### Work required:
Retype the listing below line for line, but only from the line with "To GPS use;" down to the line with "11月22日,海南三亚,第十", inclusive. Pictures stay out.

....

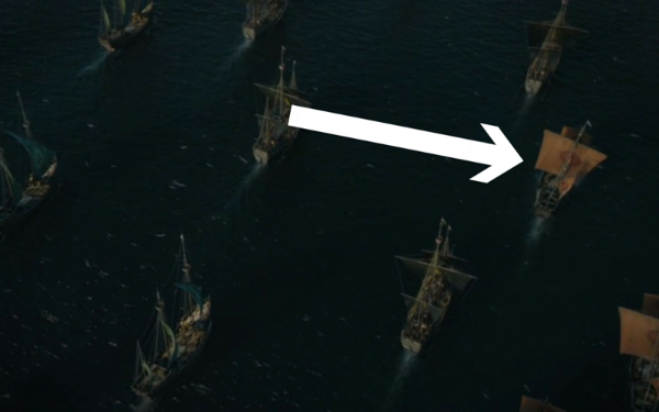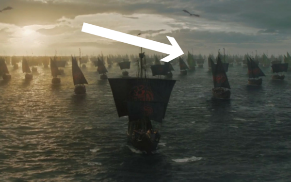 En el momento final del episodio, cuando Daenerys y sus aliados comienzan su travesía hacia Poniente, junto a los barcos con el escudo de armas de los Targaryen, también se pueden ver otros con los símbolos de los Tyrell y los Martell. Esto complementa el que ambas casas apoyen a la Madre de Dragones y explica la forma de transporte de Varys.
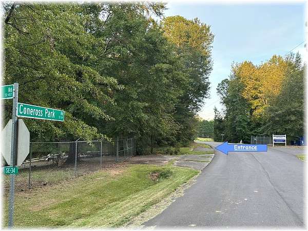 To GPS use; 523 Coneross Park Road Seneca. From Clemson W. Cherry to Martin Creek Rd to Coneross Creek Rd to Coneross Park Rd. From Seneca take Highway 59 to Highway 24 left onto Coneross Creek Road, then right onto Coneross Park Road. Lot on left.
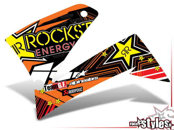 Beschreibung: Rockstar-MX Kühlerspoiler Dekor li./re. passend für KTM LC4 - SXC / SM / SMC / DUKE 620-660 (1998-2007).
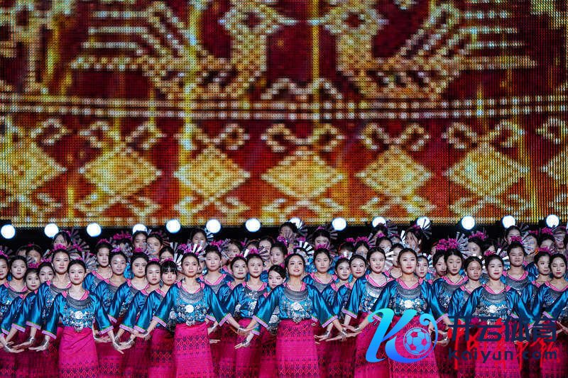 11月22日,海南三亚,第十二届寰宇少数民族传统体育绽放会开幕式,文艺扮演展示海南黎锦等文化元素。中青报·中青网记者 李峥苨/摄
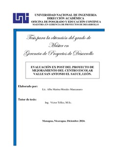 Morales Manzanares, Alba Marina (2024) Evaluación ex post del proyecto de mejoramiento del centro escolar valle San Antonio El Sauce, León. Masters thesis, Universidad Nacional de Ingeniería.
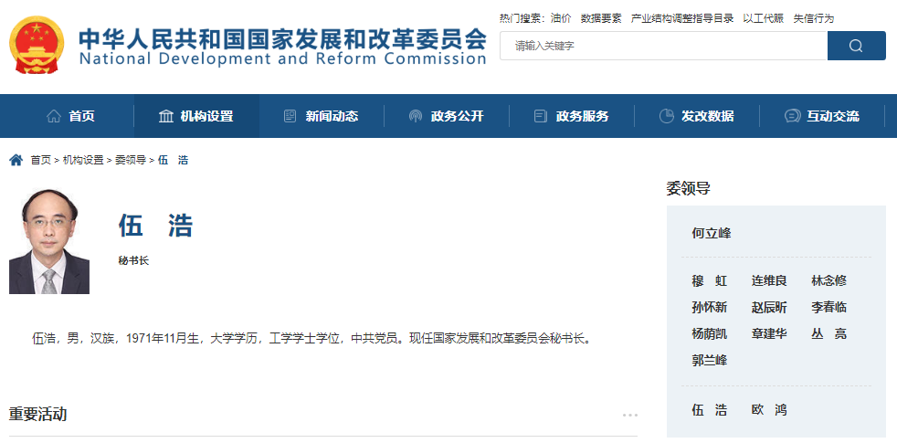據國家發(fā)改委官方網站“委領導”欄目最新名單顯示,伍浩已任國家發(fā)改委秘書長。
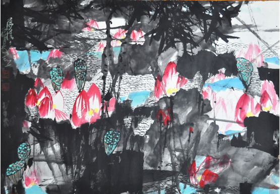 柯桐枝先生把他最满意的大幅力作《不尽春光》(179cmX97cm)及《荷清清》(140cmX97cm)交给省档案馆保藏。看着柯桐枝的花鸟画,迎面而来折射眼帘的便是夺目绚丽的色彩,万紫千红,照眼惊心,想不热闹都不行,因为,一开一大片,平铺过去是花的海洋,悬挂下来是花的瀑布。他的花鸟画是从亚热带和雨林中带回来的,自然、旺盛、阳光、雨露造就了生灵的热闹。
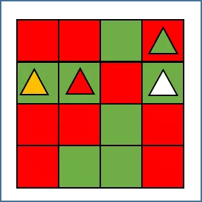 你有几个选择: 摧毁绿色符号以引发连锁反应,最终清空地图:绿色会将所有红色面板变为绿色,并在第一次传递时击中红色符号。然后所有绿色面板(即整个地图)再次变为红色,第二次连锁会摧毁黄色符号,接着是虚无符号。下一部分将整个地图变为黄色,最终清空所有 geo 面板。 改为攻击黄色符号:所有绿色面板会变为黄色,在第一次连锁中摧毁虚无符号。下一次传递时,所有黄色面板被清空。红色面板及上面的所有东西保持不变。 攻击虚无符号:所有绿色面板被清空。红色面板保持不变。 很简单,对吧? 现在考虑这个非常细微的变化:
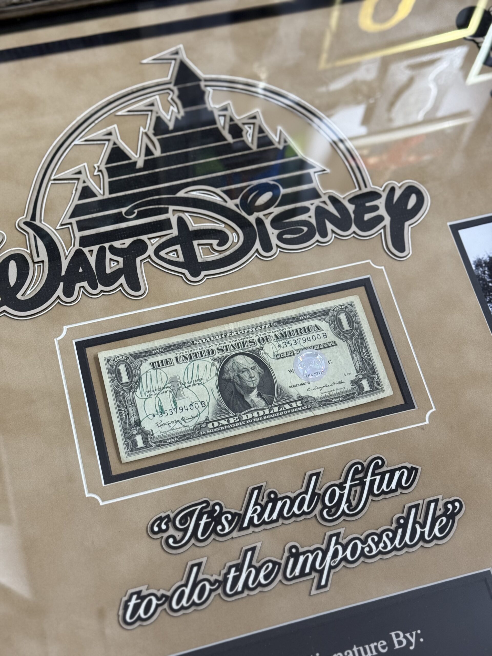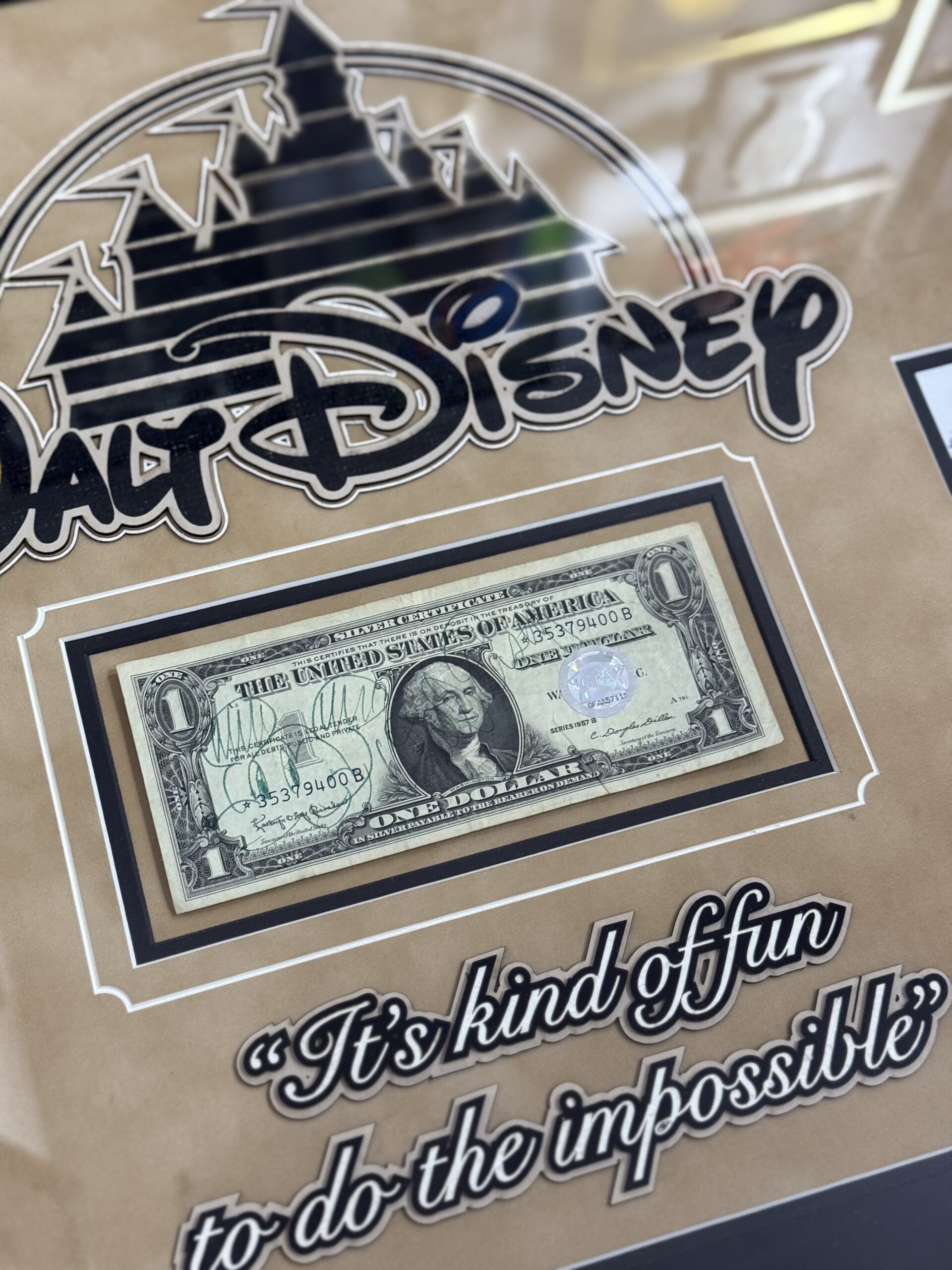 Cuadro con autografo de una gran celebridad en el mundo del Cine y la Televisión infantil, Walt Disney.
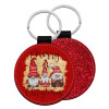 Xmas Elves, Μπρελόκ Δερματίνη, στρογγυλό ΚΟΚΚΙΝΟ (5cm)
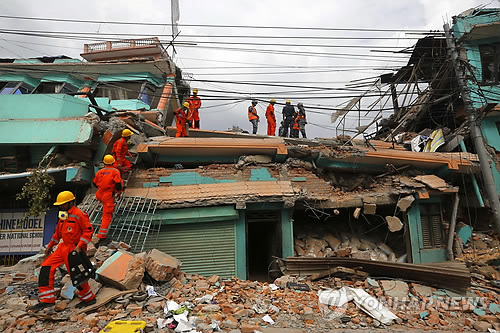 | △ 印 재난구호팀, 네팔 대지진 구조 현장 투입 (카트만두 AP=연합뉴스) 인도의 재난구호팀이 대지진 참사가 발생한 네팔 카트만두에 도착, 26일(현지시간) 건물 붕괴 현장에서 생존자 수색작업을 펴고 있다. |

....

### Result:
 To GPS use; 523 Coneross Park Road Seneca. From Clemson W. Cherry to Martin Creek Rd to Coneross Creek Rd to Coneross Park Rd. From Seneca take Highway 59 to Highway 24 left onto Coneross Creek Road, then right onto Coneross Park Road. Lot on left.
 Beschreibung: Rockstar-MX Kühlerspoiler Dekor li./re. passend für KTM LC4 - SXC / SM / SMC / DUKE 620-660 (1998-2007).
 11月22日,海南三亚,第十二届寰宇少数民族传统体育绽放会开幕式,文艺扮演展示海南黎锦等文化元素。中青报·中青网记者 李峥苨/摄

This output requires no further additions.